Of particular interest in this list is Section 700.10(D), fire protection, covering fire resistance and fire protection of emergency feeders. In the 2017 edition, fire protection of circuits was not addressed in Article 517, while 700.10(D) specifically required fire protection for feeders at, “health care occupancies where persons are not capable of self-preservation.” At the same time, health care compliance with 00.10(D) was specifically excluded in NFPA 99 220.127.116.11.1.5.
The net effect was that health care facilities were compelled to comply with NEC 700.10(D), regardless of the exclusion listed in NFPA 99, as AHJs enforced the direct requirements of the NEC and no one enforced the exclusions of NFPA 99. In the 2020 NEC, Section 700.10(D) no longer references health care facilities and 700.10(D) is specifically excluded in Article 517 and the situation is clear — life safety branch feeders are not required to be fire rated in the 2020 NEC.
New, deleted articles
Article 280, surge arresters, over 1,000 volts and Article 285, surge-protective devices, 1,000 volts or less, were combined and relocated to new Article 242, overvoltage protection.
Article 310, conductors for general wiring, was separated into two articles, with requirements for conductors rated 1,000 volts and below remaining in Article 310 and those for conductors rated 1,001 volts to 35 kilovolts moving to new Article 311, medium-voltage conductors and cable, together with requirements from Article 328, medium-voltage cable: type MV.
New Article 805, communications circuits, contains requirements of the former Article 800 and a new Article 800, general requirements for communication systems, captures information previously in Articles 820, 830 and 840, along with common requirements from the previous Article 800.

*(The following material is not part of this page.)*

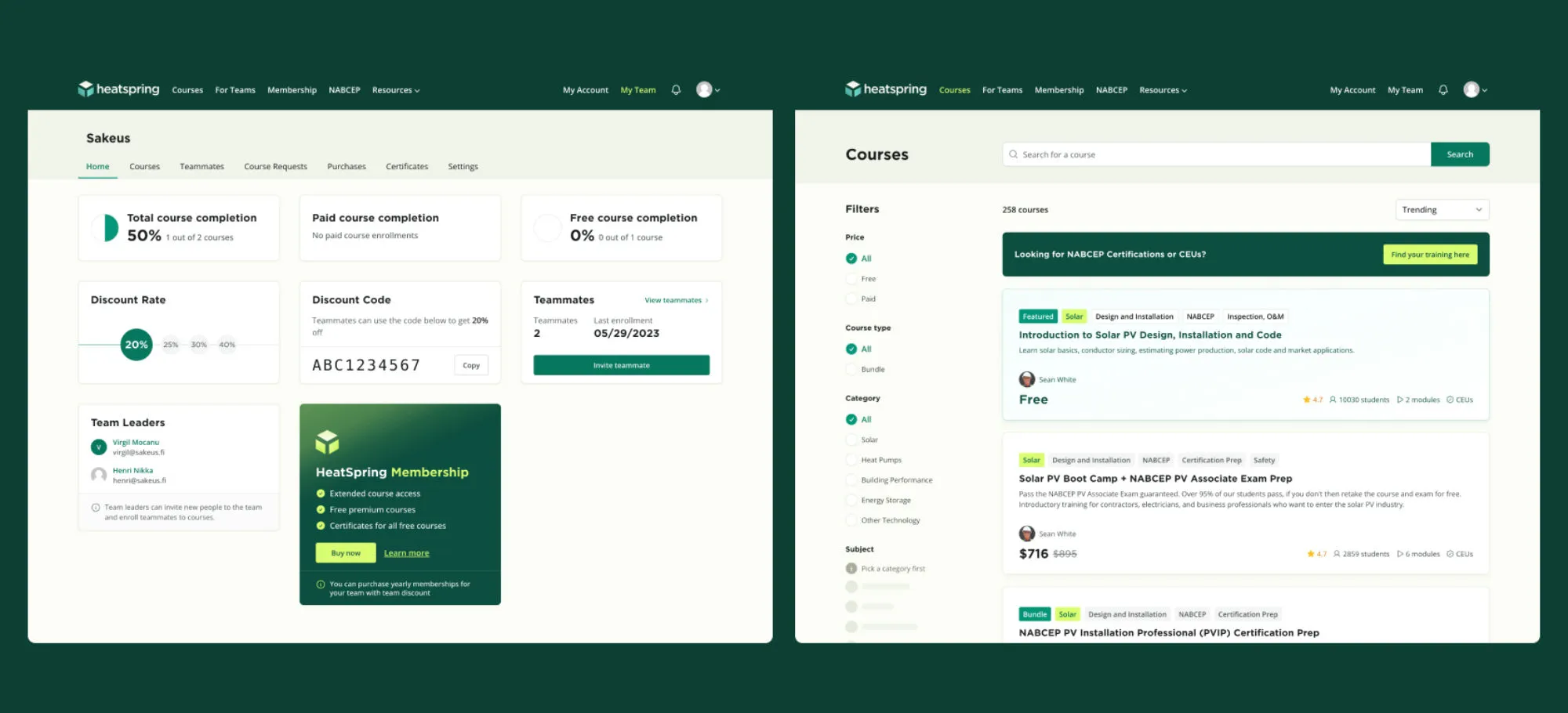 HeatSpring kouluttaa uusiutuvan energian ja vihreän rakentamisen ammattilaisia – yli 100 000 rekisteröitynyttä käyttäjää ja yli 250 kurssia. Alustalla kerätään opintopisteitä sertifikaatteihin, joita Pohjois-Amerikan valmistajat, lupavirastot ja kannustinohjelmat edellyttävät. Toisin sanoen: kun Yhdysvalloissa asennetaan aurinkopaneeleja, HeatSpring on usein siellä taustalla.

Article 553, floating buildings, was deleted and its provisions were relocated to Article 555, marinas, boatyards, floating buildings and commercial and noncommercial docking facilities.
Article 337, type P cable, was added to provide requirements for type P cable, generally suited to petrochemical and oil and gas drilling applications.
Section 90.2(A)(5) and (6)
Two items were added to the scope of the NEC, in Section 90.2(A)(5) and 90.2(A)(6). The extension of the scope of the code is a fairly rare event. No additions, other than the occasional inclusion of a fine-print note, appear in any of the editions going back to at least 1999.
Section 90.2(A)(5) adds shore power installations for marinas and boatyards to the scope of the code. Installations in watercraft themselves are excluded from the scope in Section 90.2(B)(1), leading AHJs and designers to consider shore power installations outside the scope as well. The new section was added to clarify that the shore power installation falls under the code, in response to electric shock injuries and drownings due to leakage currents in the water at marine facilities.
Section 90.2(A)(6) adds installations that support delivering power from electric vehicles to premises wiring. Typically, these will be bidirectional charging stations, with the ability to deliver energy to a connected vehicle from the power system and to deliver stored power from the vehicle to the premises wiring or eventually to the utility grid. The installed base of these devices in the United States is currently very small and most of the existing installations are experimental.
However, electric utilities, municipalities, transmission organizations and other organizations perceive a potential future benefit from using the electric vehicle fleet as a stored energy source for grid stabilization or for supplementing intermittent renewable energy sources to avoid resorting to fossil fuels for that purpose. The economics of vehicle-to-grid operation are not well-understood and It remains to be seen whether this technology will ever be widely accepted.